Crucially, Ah-Ma brought this to life through hyper-local store design and storytelling. Each store is adapted to its host city’s cultural context. In Wuxi, it referenced local folk art (Huishan clay figurines); in Foshan, it was housed in traditional arcade architecture; in Shanghai, the store sits in a historic girls' school attended by author Eileen Chang. Even within malls, stores incorporate open kitchens and family-style elements, making the experience feel intimate and lived-in.
This localisation by city is more than aesthetics, it’s a strategic brand act. Ah-Ma uses local ingredients, dialects, history, and sensory details to connect with each market in a way that feels personal, not packaged. Combined with initiatives like kids' workshops and heritage storytelling, the brand constructs a multi-sensory, intergenerational narrative around food, memory, and belonging.
Two Paths, Shared Wisdom
While Honeymoon Dessert and Ah-Ma Handmade operate at different speeds and scales, they share some important principles:
1. Rooting Innovation in Emotion:
Both brands innovate, but not just for novelty’s sake. Their products reflect deeper values: tradition, family, and quality. This makes their offerings feel grounded and meaningful, not just trendy.
2. Controlling the Brand Experience:
Neither brand has pursued aggressive franchising. Instead, they retain control over product, space, and storytelling, ensuring brand coherence and depth across touch points.
3. Expanding the Definition of “Local”:
Honeymoon uses local ingredients to scale national products; Ah-Ma uses local cultural narratives to scale emotional resonance. In different ways, both show how localisation is not a limitation, it’s leverage.
4. “Home” as a Universal Hook:
Both use the concept of home - whether in the form of nostalgic flavours or family memories - to build lasting emotional bonds. In a world of fast food and fleeting trends, “home” is an anchor that doesn’t go out of style.
What it all Means
For brands looking to grow in China - or any complex, culturally rich market - Honeymoon Dessert and Ah-Ma Handmade offer a playbook that values depth over speed, substance over sizzle.

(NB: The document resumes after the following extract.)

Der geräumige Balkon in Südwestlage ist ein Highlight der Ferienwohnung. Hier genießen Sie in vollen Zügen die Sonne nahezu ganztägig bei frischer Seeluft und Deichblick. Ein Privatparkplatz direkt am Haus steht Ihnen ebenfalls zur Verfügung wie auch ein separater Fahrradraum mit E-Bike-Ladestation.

Honeymoon shows how to scale without dilution, using infrastructure, partnerships, and product-led thinking to extend reach. Ah-Ma demonstrates how to embed a brand in the emotional and cultural life of a city, not just its retail grid.
As competition intensifies and consumers seek more than just functional value, the lesson is clear: the future belongs to brands that don’t just deliver good products, but create a sense of place, memory, and meaning.